A provision in a plan which requires an optionee to remain in the service of a company for a designated length of time before he can benefit from the plan reasonably assures the corporation that it will receive the contemplated benefit. Gottlieb v. Heyden Chemical Corp., 90 A.2d at 664. It constitutes "consideration passing to the corporation". Lieberman v. Becker, supra, 155 A.2d at 598. Even in the absence of an express agreement by an employee to remain in the employ of the company, consideration may be inherent in the terms of the plan, as for instance, a provision which prevents an employee from exercising an option unless he first renders substantial service to the company. Gottlieb v. Heyden Chemical Corp., 90 A.2d at 664. Cf. Stemerman v. Ackerman, 40 Del.Ch. 431, 434, 184 A.2d 28, 30 (1962).

Under the Brunswick plan an employee could not exercise any portion of his option until he had worked a year, and then only for twenty-five percent of the optioned stock.
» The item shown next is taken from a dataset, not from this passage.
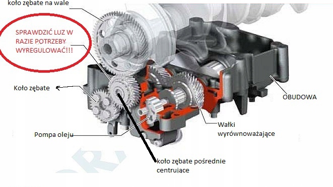 Napęd zębaty jest skonstruowany w taki sposób, że wałki wyrównoważające obracają się dwa razy szybciej niż wał korbowy.

He could not exercise the remainder of his option unless he worked for succeeding specified periods, the last of which expired four years after the option was issued. The terms of the plan are, therefore, reasonably calculated to secure for the company one of the important benefits which it was designed to obtain, namely, the retention of the services of the recipients.[6]

In Beard v. Elster, supra, 160 A.2d at 738, the Court stated that it was of prime importance that the adoption of a plan by the board have been an exercise of their independent business judgment that the plan would benefit the corporation by encouraging the retention of the services of valued employees. The Brunswick plan satisfies this test. Title 8 § 157 provides:

"In the absence of actual fraud in the transaction, the judgment of the directors as to the consideration for the issuance of such rights or options and the sufficiency thereof shall be conclusive."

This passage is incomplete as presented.